Observations from NASA's Mars Reconnaissance Orbiter reveal the seasonal formation of dark streaks that repeatedly appears on select craters on Mars during the warmer months of late spring through summer, called the recurring slope lineae (RSL). Saltwater flows on Mars were hypothesized in 2011 from these observations. Four years later in 2015, NASA confirmed evidence that liquid water flows intermittently on present-day Mars.

“Our findings strongly support the hypothesis that recurring slope lineae form as a result of contemporary water activity on Mars,” wrote lead author Lujendra Ojha at the Georgia Institute of Technology (Georgia Tech) in Atlanta, along with research colleagues who co-authored the 2015 study published in Nature Geoscience.

"Our quest on Mars has been to 'follow the water,' in our search for life in the universe, and now we have convincing science that validates what we've long suspected," said John Grunsfeld, Ph.D., Associate Administrator for the Science Mission Directorate at NASA Headquarters in Washington, D.C. and five-time astronaut (on board the Endeavour in 1995, Atlantis in 1997 and 2009, Discovery in 1999, and Columbia 2002 space shuttle missions) in a NASA 2015 report. "This is a significant development, as it appears to confirm that water, albeit briny, is flowing today on the surface of Mars.”

If There’s Water, Is There Life too?

The tantalizing evidence of contemporary water flows on Mars begs the question: Is there life too?

“In the search for biosignatures on Mars, there is an abundance of data from orbiters and rovers to characterize global and regional habitability, but much less information is available at the scales and resolutions of microbial habitats and biosignatures,” wrote the SETI Institute NAI team of astrobiologists and their research colleagues. “Understanding whether the distribution of terrestrial biosignatures is characterized by recognizable and predictable patterns could yield signposts to optimize search efforts for life on other terrestrial planets.”

Using AI to Find the Biosignature Needle in the Haystack

The researchers decided to utilize the predictive powers of AI machine learning to search for signs of life.
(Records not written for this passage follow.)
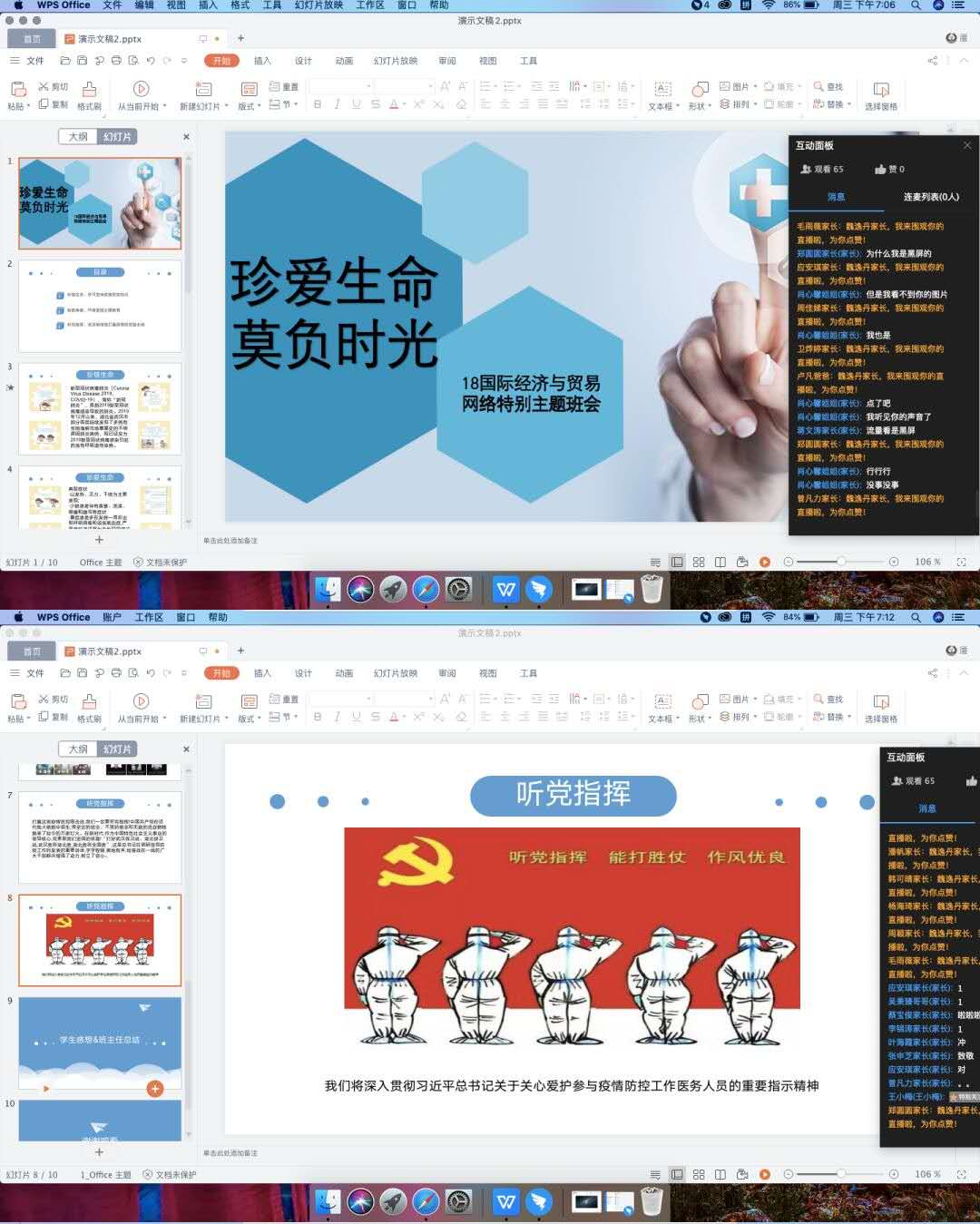 组织线上主题班会。各班级积极响应号召,在特殊的时期开展了一次“别样的”主题班会。他们利用新媒体,或科普病毒传播、感染症状和如何科学预防知识;或进行在线辟谣与疫情知识回答;或分析现阶段疫情形势,提醒同学们如何准备迎接新征程。无论什么样的主题,都传达了青年一代面对疫情、面对生活时积极向上、坚定不移的信心和态度。
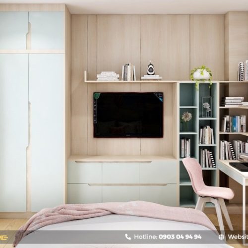 – Tối ưu hóa không gian: Sử dụng tủ quần áo kết hợp kệ tivi giúp tận dụng một cách hiệu quả không gian trong phòng. Bạn có thể tích hợp tủ quần áo và kệ tivi vào cùng một khu vực, tạo ra một không gian tiện lợi và gọn gàng.
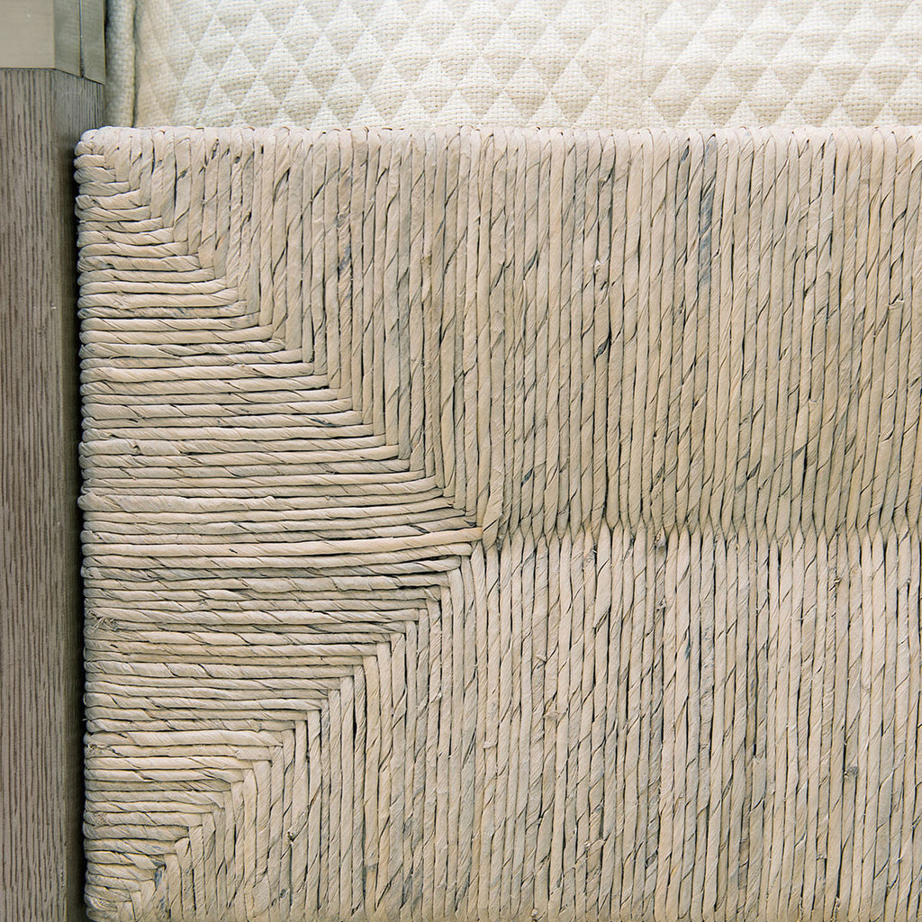 • Woven Abaca headboard and footboard panel in Light Gray Wash finish.

Scientists conducting experiments in-person on Mars is not a current option; the team needed to find a similarly harsh environment that is habitable, but hostile to many living organisms. They decided to use samples from Salar de Pajonales, a dry, calcium-sulfate salt lakebed located in the Chilean High Andes at over 3,500 meters altitude, as a surrogate for Mars.

The team of scientists collected samples from over 7,700 images and 1,100 samples from the arid lakebed. They conducted experiments to search for photosynthetic microbes that contain pigments that may prove to be a candidate biosignature.

The AI algorithm consists of convolutional neural networks (CNNs), that were trained using the data collected to predict large-scale geologic features and micro-habitats that have the highest likelihood of having biosignatures. The scientists tested their Al machine learning’s prediction ability.

“Artificial intelligence-machine learning models successfully identified geologic features with high probabilities for containing biosignatures at spatial scales relevant to rover-based astrobiology exploration,” the scientists wrote.